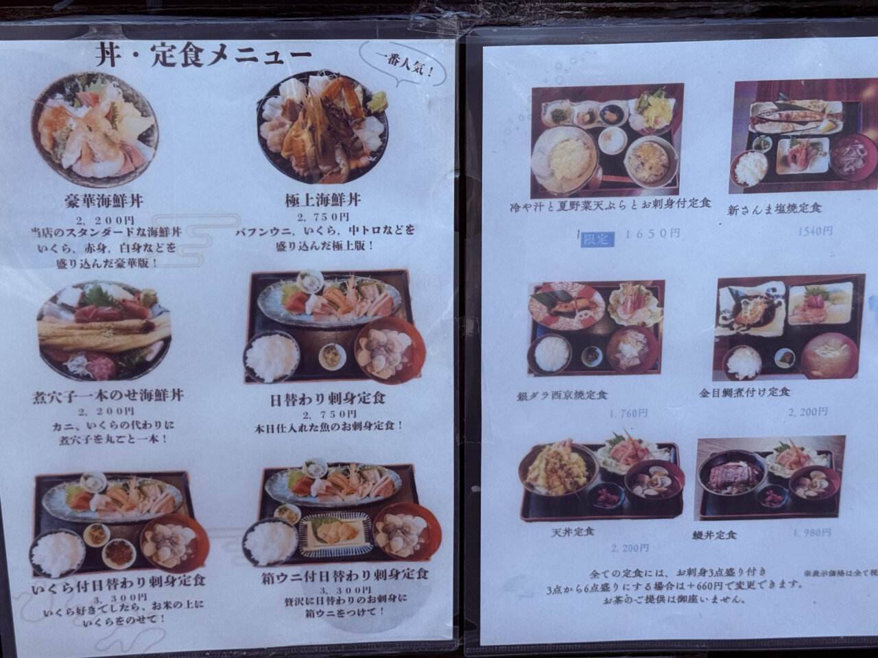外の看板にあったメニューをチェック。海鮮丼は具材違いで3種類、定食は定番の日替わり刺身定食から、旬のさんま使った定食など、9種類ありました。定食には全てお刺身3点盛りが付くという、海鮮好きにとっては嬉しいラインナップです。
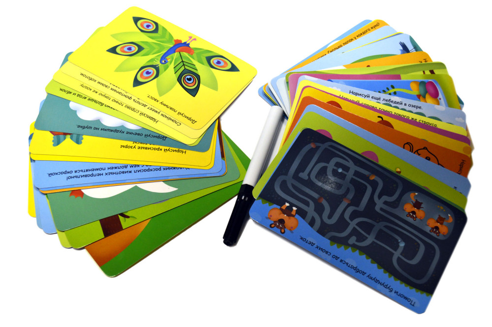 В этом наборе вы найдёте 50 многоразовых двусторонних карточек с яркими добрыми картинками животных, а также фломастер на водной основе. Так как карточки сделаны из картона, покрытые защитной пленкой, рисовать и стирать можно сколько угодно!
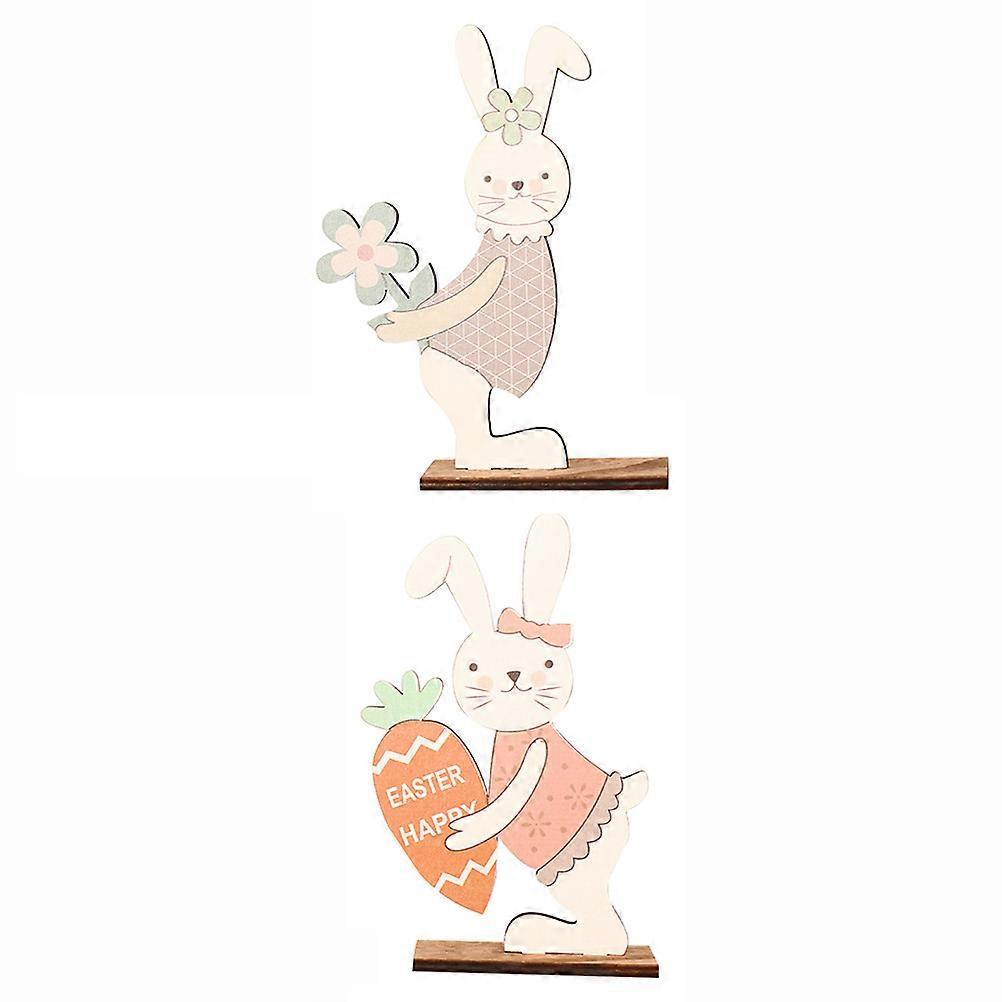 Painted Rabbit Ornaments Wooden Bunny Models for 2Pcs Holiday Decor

════════════════════

## What is expected
Output only the lines that run from the line containing "В этом наборе" to the last line of the data, exactly as they stand and without pictures.

## Task response
 В этом наборе вы найдёте 50 многоразовых двусторонних карточек с яркими добрыми картинками животных, а также фломастер на водной основе. Так как карточки сделаны из картона, покрытые защитной пленкой, рисовать и стирать можно сколько угодно!
 Painted Rabbit Ornaments Wooden Bunny Models for 2Pcs Holiday Decor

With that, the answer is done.